A squirrel head.. but I rarely get my ammo back


----------



## WindLvr (Jul 16, 2014)

I shoot all kinds of ammo from 6mm bearings to 5/8" glass marbles, and all kinds of inbetween depending on who I am shooting with. I have indoor catch box and outdoor box. For the indoor box I used a tote from the local salvation army store. The outside box is a 55 gallon plastic drum with the side cut out. Both boxes utilize multiple tshirts to slow the ammo.


----------



## ggustafsson (Jun 12, 2016)

Indoor: http://slingshotforum.com/topic/51961-indoor-shooting-range/#entry653610

Outdoor: http://slingshotforum.com/topic/51961-indoor-shooting-range/#entry700818

I'm building a huge catch box that is something like 2x2x1m together with my neighbor right now. Will post pictures once we are finished.


----------



## brucered (Dec 30, 2015)

I went BIG too. Here my view from 10m.


----------



## Jolly Roger (Aug 14, 2017)

Station 1, I have a metal rod stapled to an old dead tree stump about 7' up. Hanging from the rod is a blanket and

an old Navajo saddle blanket hanging in the center.My targets (can, tin plate, clay pigeons, etc.) hang on a heavy wire

with a big J hook for easy replacement. Also at Station 1 I have a big 7' long grape stake hung by a rope on a T-post an the

property line fence with a big sheet of burlap zip tied to it. Both allow me to shoot from about 48' distance to the front of the barn.

Station 2, I have three catch boxes mounted on a long bench in front of the garage (aka: Dojo). One catch box 4'x4'.

Another 2'x2' alongside a smaller 18"x18" box. All of them rigged from reclaimed or found stuff at various places costing

me little or nothing but still a bit classy. At Station 2, I can shoot any desired distance in the driveway with rubber mat base

markers at various distances.Station 2 also has a long distance backstop hanging from two 8' grape stakes tied to a fence with

a sheet and old set of curtains hanging from a metal rod between the two grape stakes. I have a small work stand at each

for holding a Frisbee which holds my ammo and a place to keep my magnets for reclaiming my ammo.

Station 3, is my newest addition which is smack dab in front of the house and cement slap. Can only shoot about 30'

at this one. I have a self standing metal H frame with burlap draped over it with an old saddle pad centered which drops

my ammo straight down. Targets are suspended from an old fishing chain with a spring hook at the end of it. Also have an

old black half plastic barrel with an old feed sack suspended from a rod near the back.
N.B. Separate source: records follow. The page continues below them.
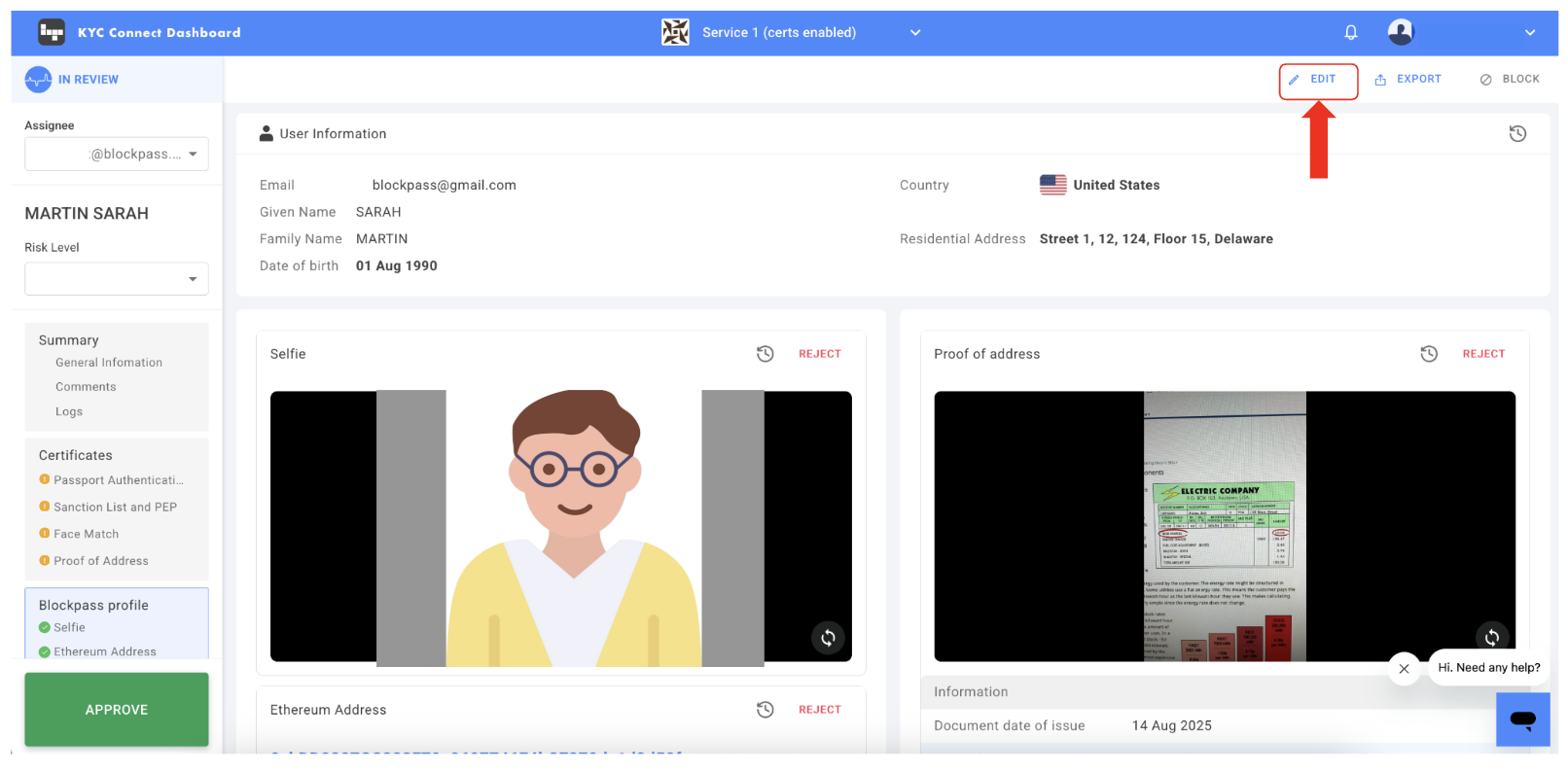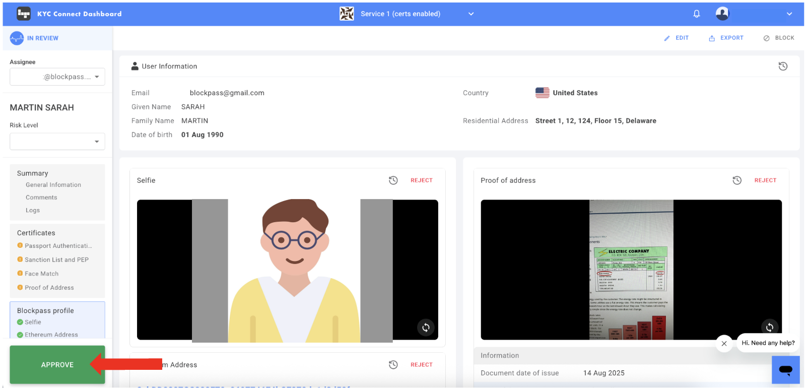 Approve: If everything is valid, click the "APPROVED" button at the bottom-left of the profile overview and submit.
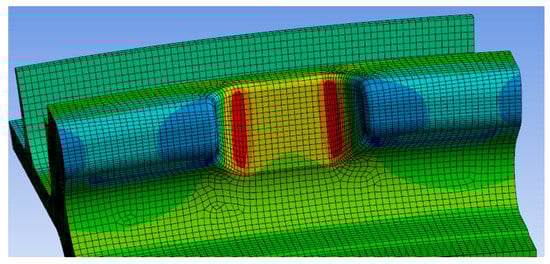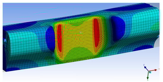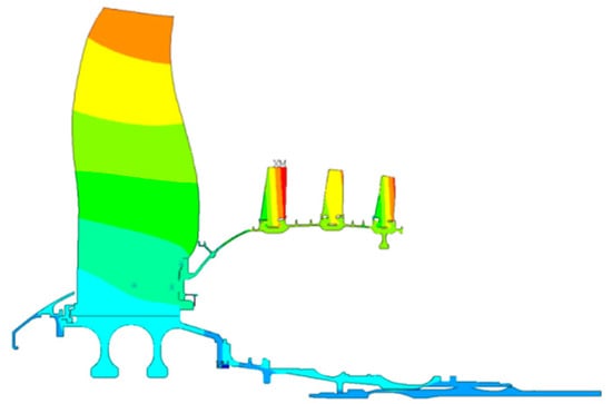 At the first stage, we analyzed the axisymmetric model, including the preparation of the parametric model, setting the boundary conditions, transferring the temperature field from the aerodynamic calculation and simplifying the non-axisymmetric elements to unit masses []. The axisymmetric calculation makes it possible to obtain a fairly accurate picture of the distribution of displacements (Figure 1) and obtain the boundary conditions for further three-dimensional calculations.
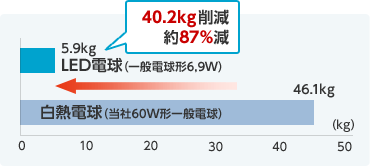 1日6時間、365日使用。CO2排出係数0.39kg-CO2/kWh当社白熱電球 消費電力54W
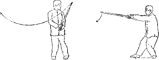 剑停于胸前剑尖向前与胸同高。目视前方(图4一37)
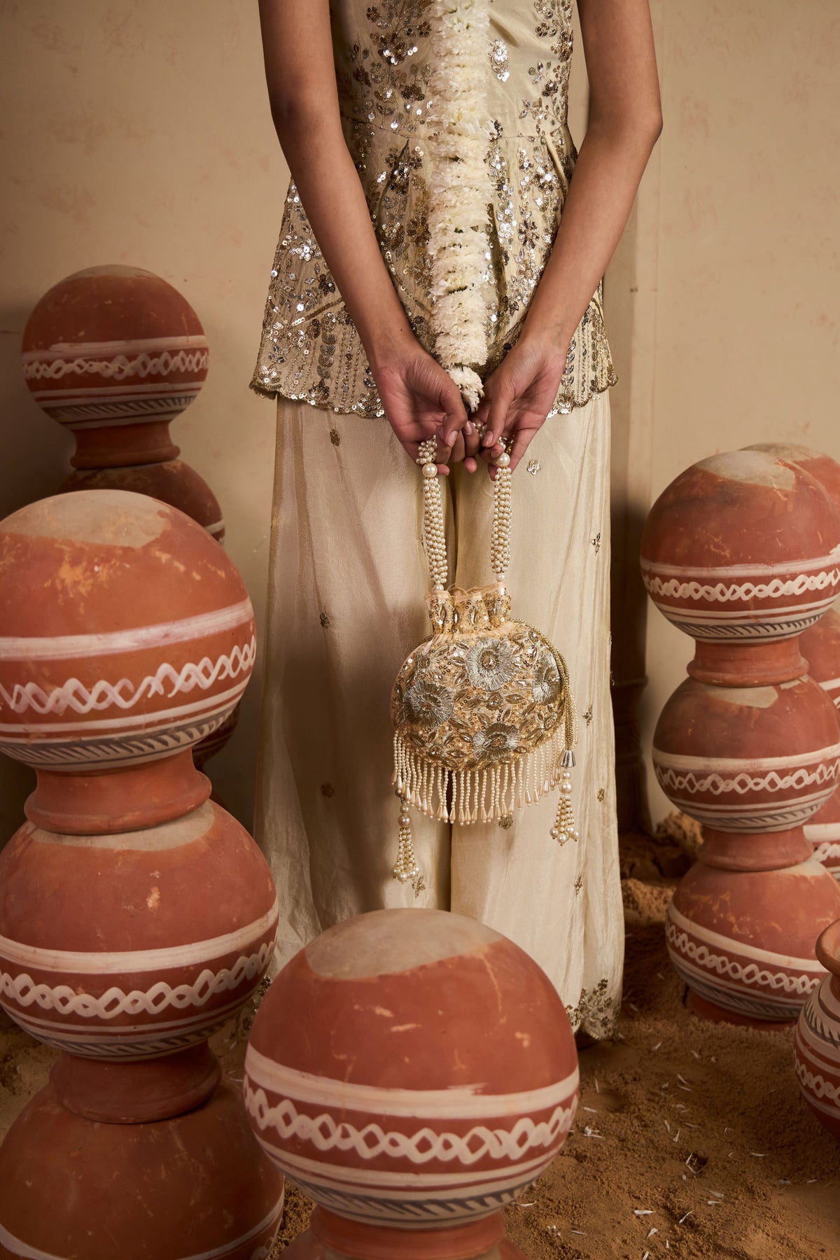 Elevate your ethnic style with the Ivory Embroidered Sharara Set. This stunning ensemble features a beautifully embroidered Kurta adorned with cutdaana work, creating a rich and sophisticated look. The flowy sharara pants add a touch of elegance and movement, making it perfect for festive occasions or celebrations. Embrace the beauty of this exquisite outfit.

Target is suspended from a heavy wire

hanging from a hole in the front. Once again, I have an old used to be small work table for my Frisbee ammo tray. I've

added a couple of hooks to hang slingshots from.

Next project is to figure out night lighting for both Station 2 and 3.

Station 4, will be in the back of the house with a big work table holding another 4'x4' home made catch trap.

Inside the house I have a 18"x18" catch box that sits on the kitchen counter allowing me to sit in my recliner and shoot

beans or red plastic BBs at a small leather circle.

I carry an ADS Target/Catch Trap (found on eBay) in the p/u for shooting away from home.

I have not gotten started making my own slingshots yet but have some ideas in mind. In the mean time, I am addicted to

building catch traps. Gotta give that up and get to making slingshots soon. However, it has added an element of variety to

my shooting. Kinda like cross circuit slingshot training. Only been shooting since late June and have accumulated over a dozen

sling shots. Gotta stop buying them also...another reason to start making a few for myself instead of buying more.

My first post, better stop before this becomes chapter one in my slingshot book. Jolly Roger


----------